The 2009 Amendments included the adoption of a new part IV of the CCAA to replace s. 18.6, which had dealt with cross-border insolvencies. Part IV consists of a codified procedure for cross-border insolvencies. This procedure is based on a model law of the United Nations Commission on International Trade Law that had previously been adopted into the insolvency laws of several other countries, including the United States. The amendments are an enhancement to the cross-border protocols that Canadian courts had previously followed.

Part IV permits a debtor company with its "centre of main interests" in a foreign country and some measure of operations and assets in Canada to have its foreign bankruptcy proceeding recognized as a "foreign main proceeding" by a Canadian court. This is not a significant departure from the practice under the old s. 18.6.

However, part IV contains certain technical changes to the initiation of applications for recognition of foreign proceedings in Canada, with important implications for debtor companies and insolvency practitioners. Under the old s. 18.6, a recognition application could be brought by the debtor company immediately following the commencement of the foreign main proceeding. This meant that there was little or no gap between the effective time of the stay of proceeding in the foreign main proceeding and the effective time in Canada.

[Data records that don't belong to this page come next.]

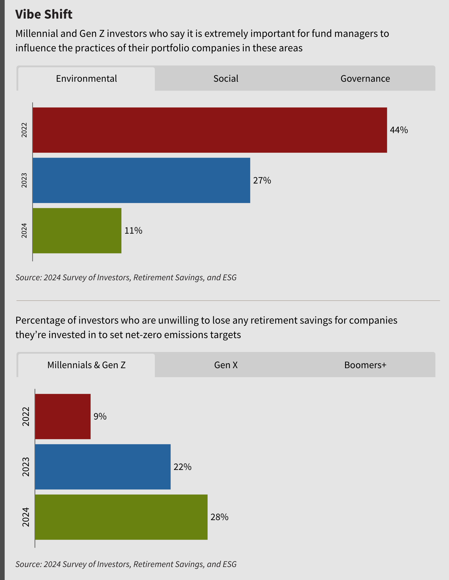 然而,年轻投资者对ESG的热情在2023年开始减弱。在2024年秋季进行的最新调查中,这一热情跌至谷底。例如,2022年,44%的年轻投资者认为,投资公司利用其规模和投票权来影响其投资组合公司的环境优先事项“极其重要” 。第二年,27%的人有这种感觉。而2024年呢?只有11%。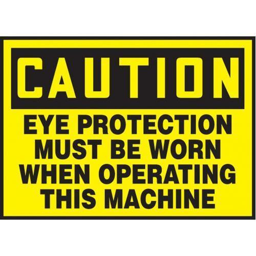 Accuform, LPPE605XVE, 3-1/2" x 5" OSHA Caution Safety Label "Eye Protection Must Be Worn When Operating This Machine" Adhesive Dura Vinyl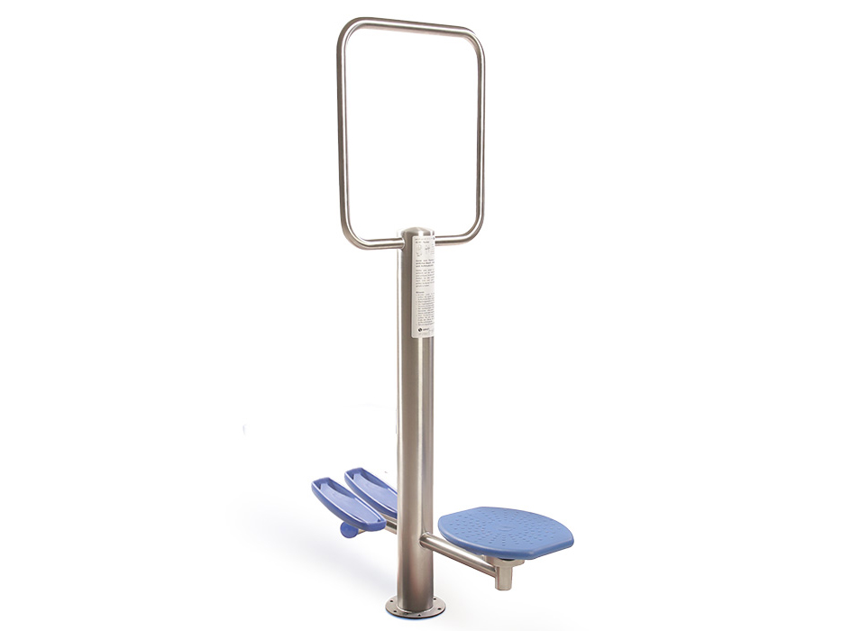 Equipamento para treino dos músculos abdominais, anca, perna e melhoria de mobilidade, coordenação e resistência. Composto por um poste central com anel para apoio de mãos, uma base de rotação e 2 pedaleiras. Coloque-se no disco giratório com as mãos apoiadas na barra. Deverá manter os ombros direitos durante o exercício, alternando movimentos para a esquerda e para a direita, apenas rodando a parte inferior do corpo. Para o efeito de subir escadas, coloque os pés no stepper, agarre-se à barra e comece a andar.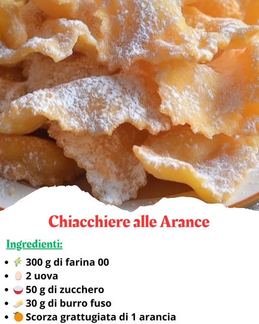 Per preparare delle deliziose chiacchiere alle arance, avrai bisogno dei seguenti ingredienti: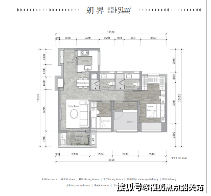 103㎡3房2厅2卫+1灵动空间:总价约485万,四开间朝南,得房率约96%;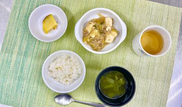 ご飯厚揚げのケチャップ煮小松菜のしらすサラダわかめスープ…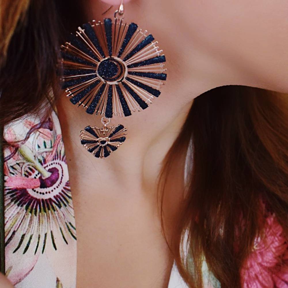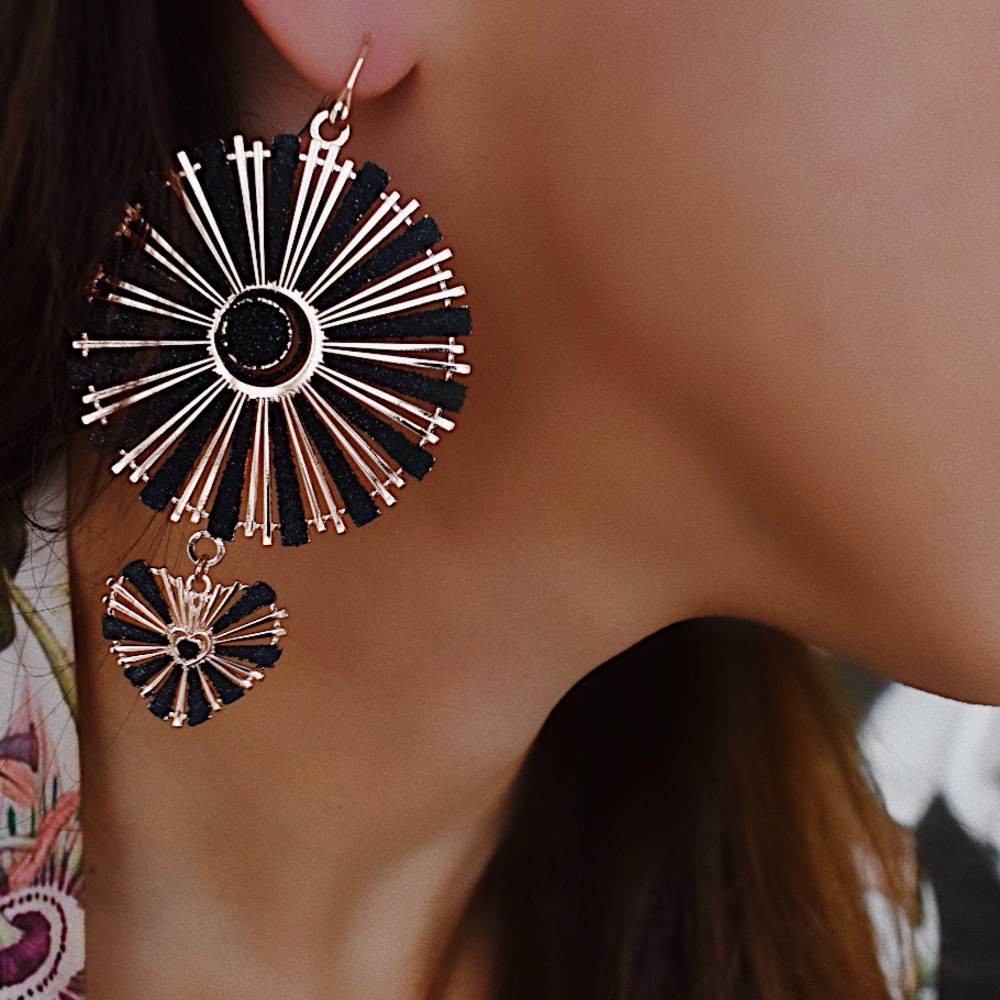 Cercei inediti realizati din aliaj placat cu aur roz de 18 K decorati cu un element cerc si unul inima peste care se regaseste glitter negru. Recomandari de purtare: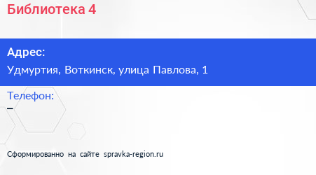 Библиотека №4 по адресу Удмуртия, Воткинск, улица Павлова, 1 в дальнейшем Организация, размещена в следующих категориях:
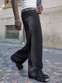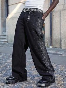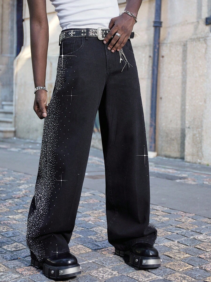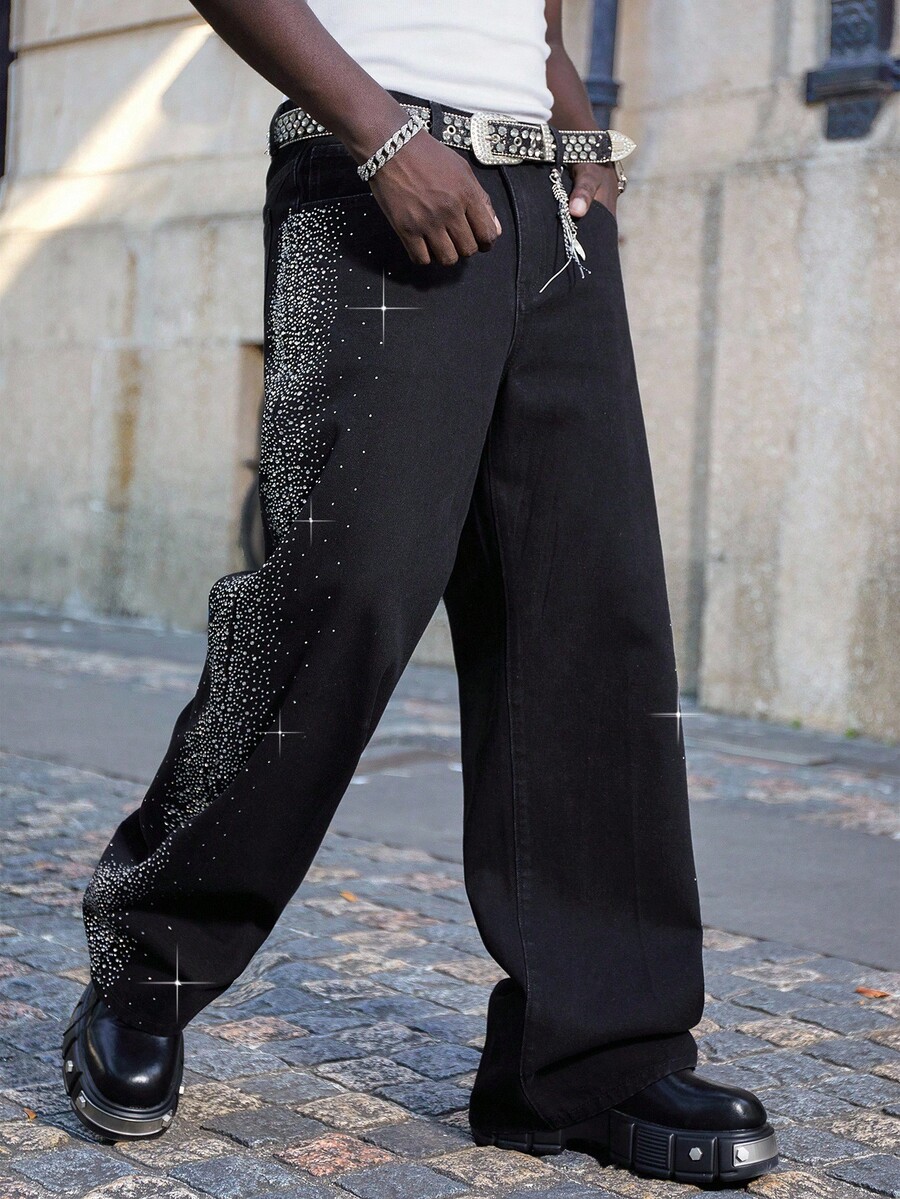 Street Life Men's Loose Fit Rhinestone Embellished Pocket Wide Leg Casual Jeans

However, as a result of the 2009 Amendments, the following provisions now apply to foreign recognition applications brought under part IV:

Application for recognition of a foreign proceeding

46. (1) A foreign representative may apply to the court for recognition of the foreign proceeding in respect of which he or she is a foreign representative.

Documents that must accompany application

(2) Subject to subsection (3), the application must be accompanied by ...

(b) a certified copy of the instrument, however designated, authorizing the foreign representative to act in that capacity or a certificate from the foreign court affirming the foreign representative's authority to act in that capacity; and


Documents may be considered as proof

(3) The court may, without further proof, accept the documents referred to in paragraphs (2)(a) and (b) as evidence that the proceeding to which they relate is a foreign proceeding and that the applicant is a foreign representative in respect of the foreign proceeding.

Other evidence

(4) In the absence of the documents referred to in paragraphs (2)(a) and (b), the court may accept any other evidence of the existence of the foreign proceeding and of the foreign representative's authority that it considers appropriate.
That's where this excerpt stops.